I've been musing on this one, still wondering why relatively low-power audio amplifiers need something like this when, in my limited experience, toroidal transformers in the 500-650VA range for stepper supplies seem to work happily without anything needed. Is it that inrush currents per se are not the issue with audio amplifiers; is it actually to avoid the switch-on thump which is annoying and potentially damaging to loudspeakers? I would guess that even a relatively high-power (domestic) audio amp is unlikely to be rated at much more than 300VA and unlikely to trip breakers or anything like that. Much larger transformers are likely to trip breakers at switch-on so might need special measures - although a suitable curve MCB might help?
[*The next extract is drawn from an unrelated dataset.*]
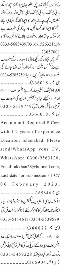 Private Company is looking for candidates for following posts as per job advertisement published in daily Jang Newspaper of January 30, 2023 for location Islamabad, rawalpindi Islamabad Pakistan:

Muzzer - happy with your explanation of saturation effects. Vague memories of B-H hysteresis curves seen through closed eyelids while the world's most boring lecturer copied his yellowing notes to the white board... However, I have no feel for the magnitude of these effects so bow to your more specialised knowledge. Clearly there are several factors at play including smoothing capacitance, transformer primary resistance, and so on, but I wasn't aware of core saturation effects. What I can say, and maybe this is directly relevant is that this last weekend I installed a 500VA toroidal transformer in my newly-acquired CNC lathe, with each 50V secondary directly connected to a stepper driver rated at 60V AC/80V DC. I assume that the driver contains whatever smoothing capacitance the designer thought it needed. While testing since then I have probably switched that thing on and off dozens of times a day and nothing has gone pop yet! I expect to spend more time making sure E-stop mechanisms are in place than I shall about inrush limiting, but that's my personal view. We all plough our own furrow!